Вот эта хорошенькая барышня, так заботливо причесанная и принаряженная, которая только что встретилась в автобусе с подругой, она, кажется, что-то ловила в этой весне беспокойное, когда сидела одна и рассеянно смотрела в окно. Но окликнувшая ее подруга разбила настроение, заговорила о пустом и веселом, и хорошенькая барышня почувствовала себя, глядя на некрасивую и плохо одетую приятельницу, счастливой, улыбнулась милыми ямочками на розовых щеках, поправила тугие завитушки черных глянцевитых волос и отвернулась от того, что могло помешать веселому дню.
— Ты, верно, опять на свидание едешь? — спрашивала подруга, и по голосу ее, по интонации слышно было, что ей и занятно, и чуть-чуть завидно. — Скажи правду, Аня, он тебе нравится?
Аня засмеялась и сделала откровенное лицо. Откровенное лицо — это значит глядеть собеседнику прямо в глаза. Трюк, известный всем вралям. Они в опасные моменты выкатывают глаза и раздувают ноздри.
Аня засмеялась и сказала:
— Ну, конечно. Во-первых, у него есть занятие, так что работать на него не придется, и он не будет все время торчать на глазах. Во-вторых, это вполне приличный человек, чистенький, образованный.
— Странно, — перебила подруга. — Женщина выходит замуж, так сказать соединяет свою жизнь с любимым человеком, и при этом заранее радуется, что не будет его часто видеть. Воля твоя — странно. И ты думаешь, что ты его любишь?
Аня пожала плечами:
— Какая ты чудачка! Он мне нравится, мне с ним, наверное, будет хорошо. Все-таки защитник. Женщине трудно быть одинокой. Вот, например, эта история с Лизой Дукиной. Ведь если бы ее муж не треснул по уху этого нахала.

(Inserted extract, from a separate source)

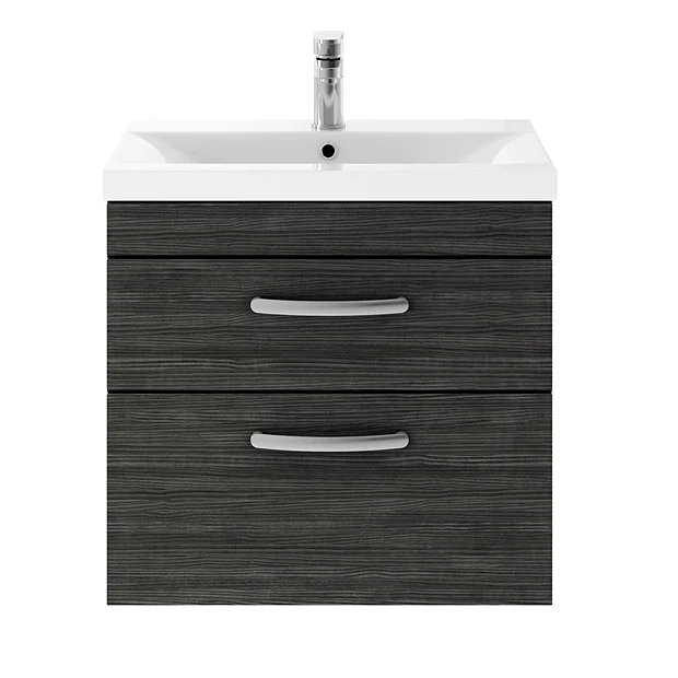 The Brooklyn modular furniture range combines up to date looks with practical storage. Features 2 soft closing drawers providing plenty of space for toiletries, the Brooklyn wall hung vanity unit is perfect for adding modern style to any bathroom. This high quality Black Woodgrain textured wood effect vanity unit is supplied with a smooth white gloss vitreous china basin. All units are come with quality matt chrome handles.

— Так, значит, ты его любишь? — настаивала подруга.
— Ну, конечно, — нетерпеливо ответила Аня. — Хотя мама говорит, что в наше время брак по любви — слишком большая и совершенно лишняя роскошь. Если подвернулся приличный человек, так и слава Богу. Мне ведь двадцать пять лет. Одиночество очень страшно, дорогая моя.
Подруга иронически опустила углы рта.
— И скоро свадьба? — спросила она.
Аня немножко смутилась и засмеялась.
— Это пока еще неизвестно. Дело в том, что он женат, ну да ведь теперь женятся исключительно женатые.
— Что ты за ерунду плетешь!
— Ну, конечно. Холостые жениться боятся, а у женатого есть навык. Ты заметь, у нас, в эмиграции, женятся либо в девятнадцать лет, либо в шестьдесят.
— А твоему сколько?
— Ему лет сорок. Но ведь это другое дело — он женат.
— Да, он уже начал дело. Он энергичный. Конечно, развод стоит дорого, но он много работает и все, что зарабатывает, тащит адвокату. Он даже говорил, что его жена открыла шляпную мастерскую, так что денег с него, слава Богу, не тянет. Нет, он молодчина.
— А ты его жену не видела? — с любопытством спросила подруга.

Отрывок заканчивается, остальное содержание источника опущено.